Dan Morrill posted the “top ten information security issues to tackle now” which I find extremely cool. I’ve jotted some reactions below.

Get an Evangelist– I just wanted to highlight this option as an alternative to the misguided efforts to “make IT more business savvy” and the vice-versa option. A liaison is truly what is needed. You don’t tell Accountants to be able to throw down a sales pitch to a client, nor ask Sales to troubleshoot their own PCs (oh christ do they try though!). You get people to interface across the boundaries, not try to get everyone able to do everything. Sure, IT people do need to come out of their shells a bit and yes, be a bit more business savvy, but lets not turn that into the savior of “IT vs business side” heartaches like I’ve seen attempted.

Train IT– YES! And remember that training can also include self-training. Give us some time during our days to properly self-train on new technology. This can save a new hire or formal (spendy) training. Most of us are in IT for various reasons, the most common I bet would be our joy at solving problems and puzzles.
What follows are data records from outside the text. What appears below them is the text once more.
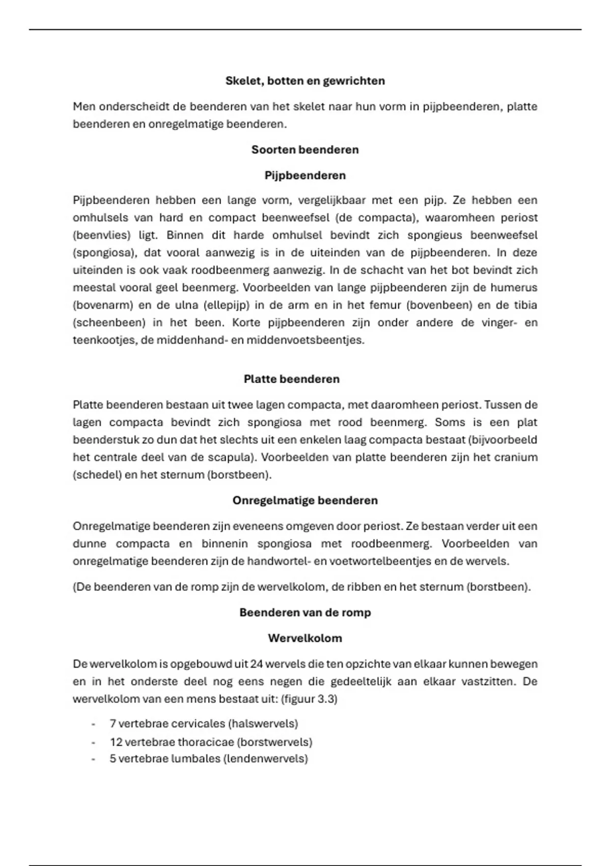 Het is een samenvatting van het hoofdstuk skelet uit het boek Kirchmann, L.L. e.a., Anatomie en fysiologie van de mens; inclusief veel voorkomende pathologie (2018) Houten: Bohn Stafleu Van Loghum; Hoofdstuk 3. hierin worden alle botten besproken en hun functies. Onderaan het document heb ik nog afbeeldingen toegevoegd deze staan in de tekst aan gegeven als bijvoorbeeld figuur 3.1. wanneer het document uitprint kan je de afbeeldingen naast de tekst houden waardoor het super makkelijk leert! leerdoelen die worden behandeld: 1. de structuur van het skelet van de schedel, de wervelkolom en de ledematen beschrijven en uitleggen hoe deze bijdragen aan het functioneren van het lichaam. 2. de Latijnse en Nederlandse benamingen van alle botten in het skelet opnoemen. 3. de verschillende soorten botverbindingen uitleggen, zoals vaste verbindingen en beweeglijke verbindingen, en hiervan voorbeelden geven. 4. uitleggen hoe gewrichten zijn opgebouwd en hoe de bouw varieert afhankelijk van het type gewricht (zoals scharniergewrichten, kogelgewrichten en draaigewrichten), en welke bewegingen elk type gewricht mogelijk maakt.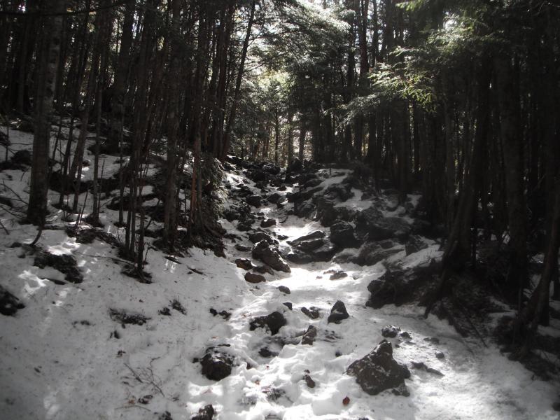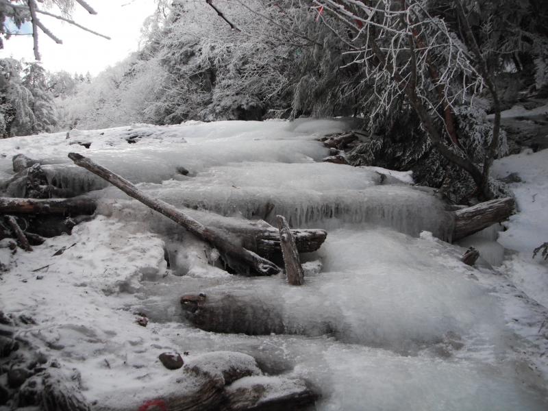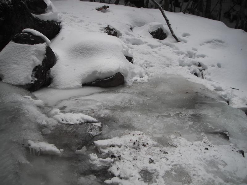 噂通りこちこちに凍った沢を渡る箇所が何度もあり、ツボ足ではかなり厳しい状況でした。
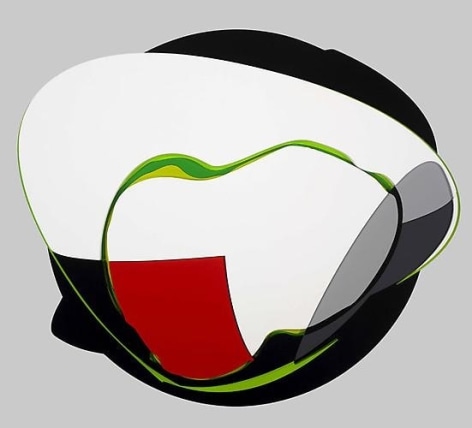 David Ryan (b. 1971, Texas) gleans inspiration from the slick colors and lines of cars, electronic gadgets and household appliances to transform mundane, undesirable MDF into luxurious, enticing wall-sculptures. By creating multiple (literal) layers, Ryan explores the way line, shape and shadow interact to produce perceptual conundrums that intrigue his viewer. Thus his conceptually multi-layered pieces speak not only of glossy consumer products but also refer to phenomenology and complex art theories. His work explores the dynamic between craft and production, art and design, man and machine.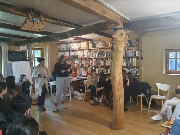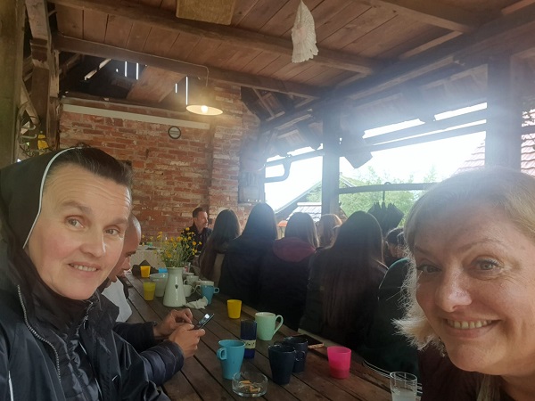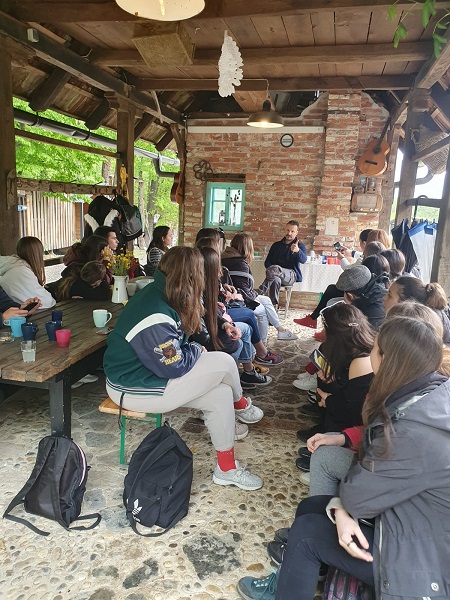 Drugu aktivnost vodio je Matko koji je po struci povjesničar. Podrijetlom je iz Skradina, a u želji za mirnijim životom došao je tu i osnovao svoju obitelj. Govorio nam je o osnutku imanja 1999. i zašto nazivaju svoje imanje recikliranim. Saznali smo od čega su gradili kuće; od bala sijena, gline i drugih materijala. Na krovovima npr. umjesto crjepova imaju nisko raslinje, a prednosti toga su smanjenje sobne temperature i pročišćeni zrak. U njegovoj pratnji razgledali smo ostatak imanja. Nakon aktivnosti i slobodnog vremena dobili smo topli ručak i domaći desert.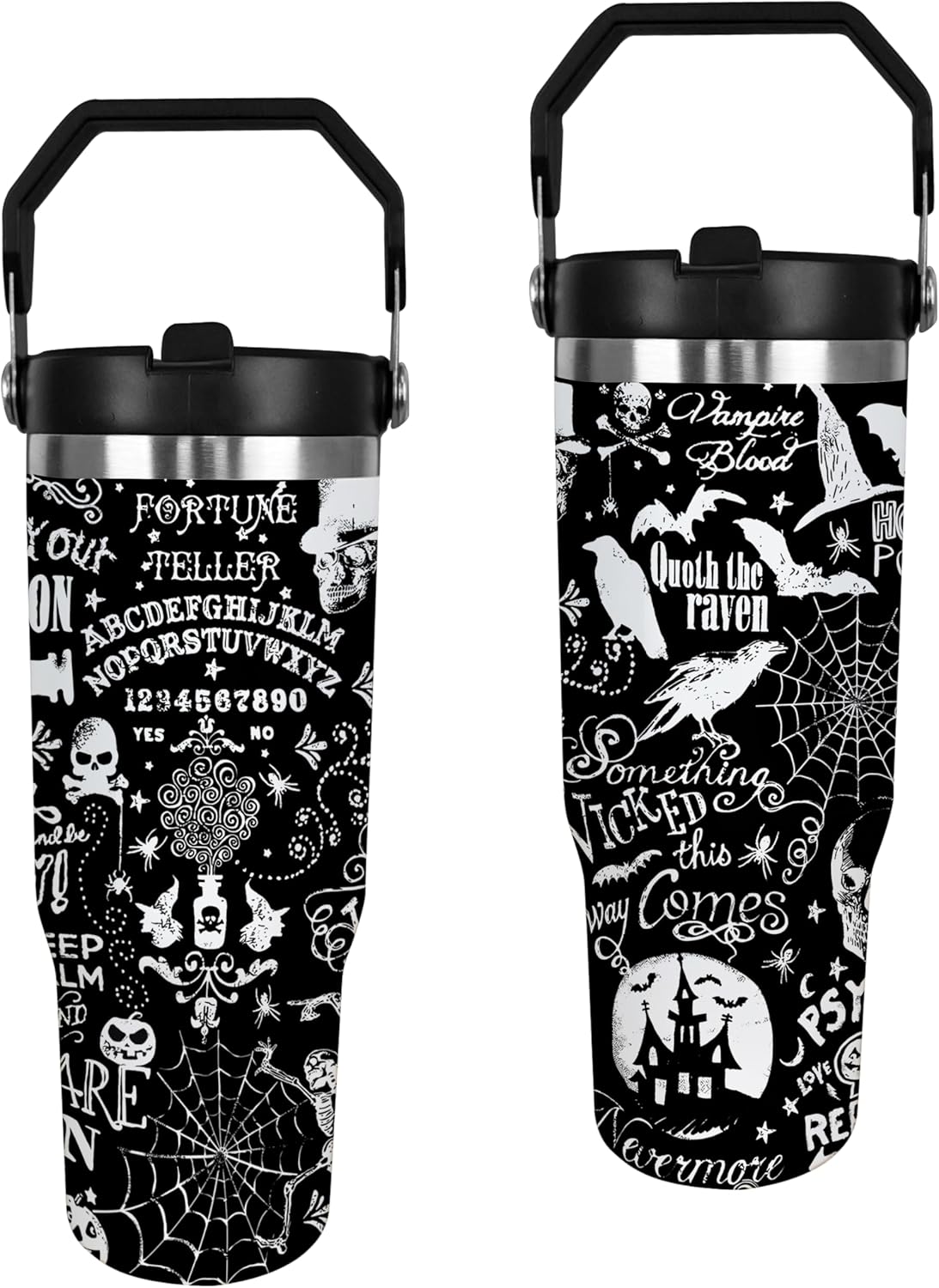 Halloween Tumbler, Spooky Skull Tumbler Spider Bat Cup with Handle and Straw, 30 oz Stainless Steel Insulated Water Bottle Halloween Gifts for Women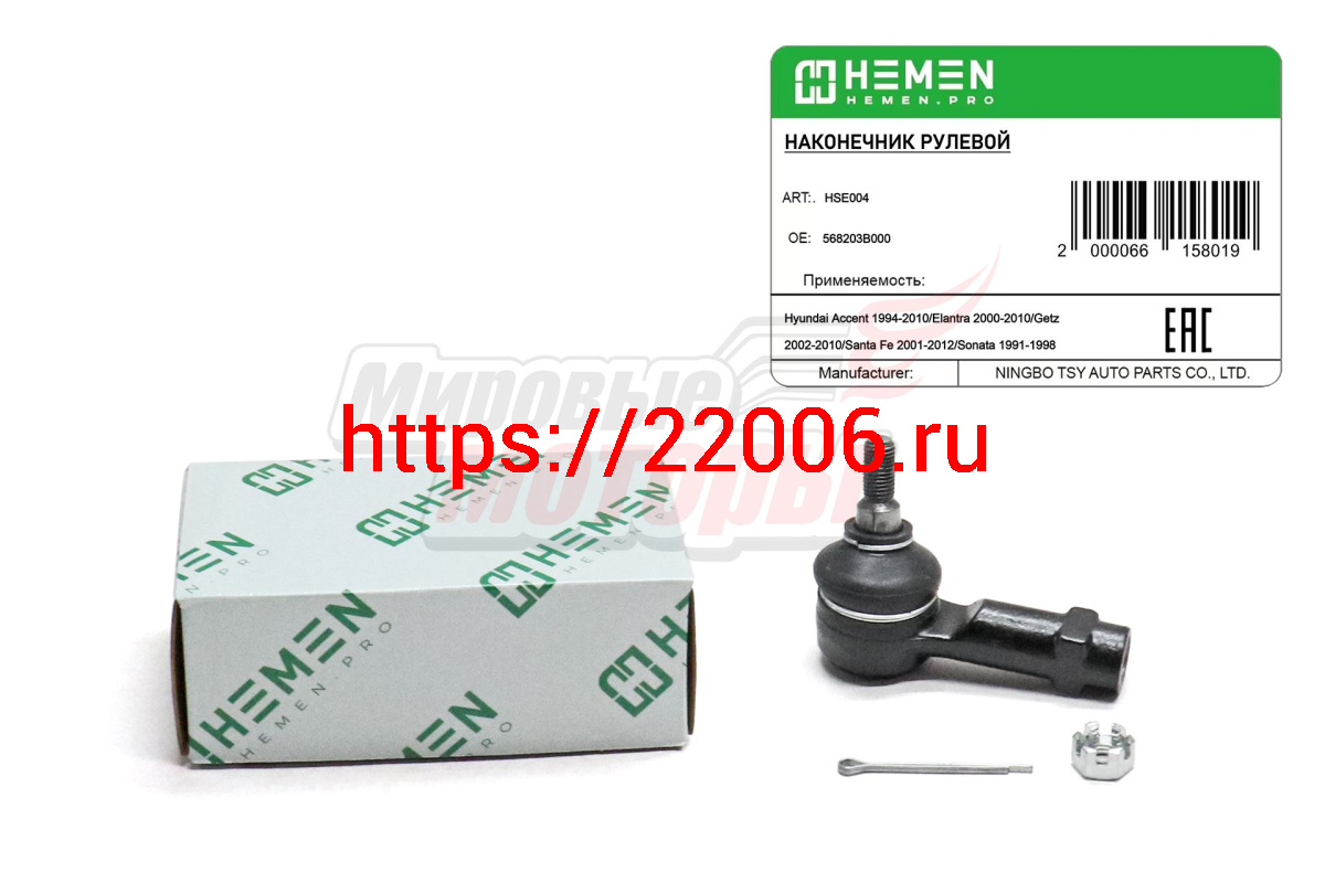 - Наконечник рулевой Hyundai Accent 94-, Santa Fe 01-, Getz 02-, Kia Spectra 04- (HSE004) в Челябинске недорого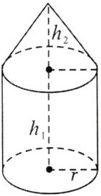 7. 例 (RJ九上P114改编)如图,一个蒙古包可以近似地看作一个圆锥和一个圆柱的组合体,已知圆柱的高$h_{1}= 6m$,圆锥的高$h_{2}= 4m$,$r= 3m$,求此蒙古包(含底圆)的表面积.
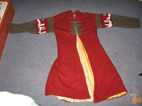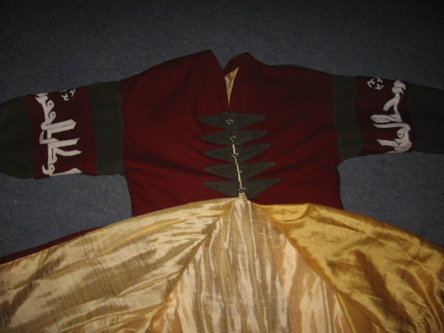 Le vêtement (dont la construction est inspirée par l’ouvrage de Max Tilke) possède des décorations triangulaires sous les boutons influencées par le manuscript d’al Hariri (images 2, 3 et 4).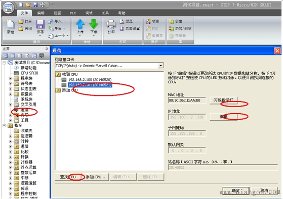 双击“通讯”,弹出通讯界面,点击“查找”,系统自动查找CPU,图示界面因为连接了2台CPU,所以查找后就显示出2台CPU信息。选中查找到的某个CPU,点击“编辑”,就可以编辑改变这台CPU的IP地址以及站名称。以上2台A/B机就分别编辑改变IP地址为192.168.2.100/192.168.2.101;站名称为20140520/20140521。另外“闪烁指示灯”功能对于多台CPU连接很重要,单击后连接的那台PLC的“RUN”、“STOP”、“ERROR”指示灯就会走马灯闪现,这样就很容易找到联机是那一台PLC。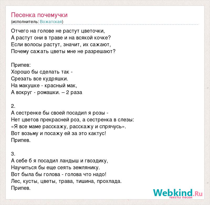 Отчего на голове не растут цветочки, А растут они в траве и на всякой кочке? Если волосы растут, значит, их сажают, Почему сажать цветы мне не разрешают? Припев: Хорошо бы сделать так - Срезать все кудряшки. На макушке - красный мак, А вокруг - ромашки. – 2 раза 2. А сестренке бы своей посадил я розы - Нет цветов прекрасней роз, а сестренка в слезы: «Я все маме расскажу, расскажу и спрячусь». Вот возьму и посажу ей за это кактус! Припев. 3. А себе б я посадил ландыш и гвоздику, Научиться бы еще сеять землянику. Вот была бы голова - голова что надо! Лес, кусты, цветы, трава, тишина, прохлада. Припев.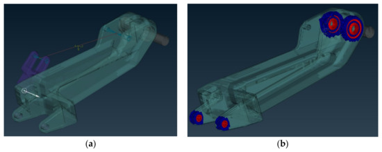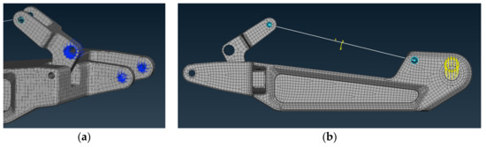 The connection of different components in the assembly is defined using bolts, related to suspension and suspension link, or contact functions for spacers and bearings. Figure 7a presents bolts connections placement and Figure 7b depicts the contact connections as modelled on the assembly.

Yes, we also do get depressed when we can’t tackle the new VOIP system properly because we just don’t have the free time in our schedules…

Develop a defense in depth program for the company…Listen to your IT department; they know where the bodies are buried.– Amen! Talk to IT, and have them list their pet projects or things that just have never gotten done but they’d like to get done. I bet a lot of those projects are solid projects that would fit into a defense in depth strategy. Keep that master list and start ranking and evaluating the options. Then start knocking some of them away! Sure, the list may be a depressing list at times, but we all need roadmaps and IT workers have their fingers down on the pulse of the company’s technology and information.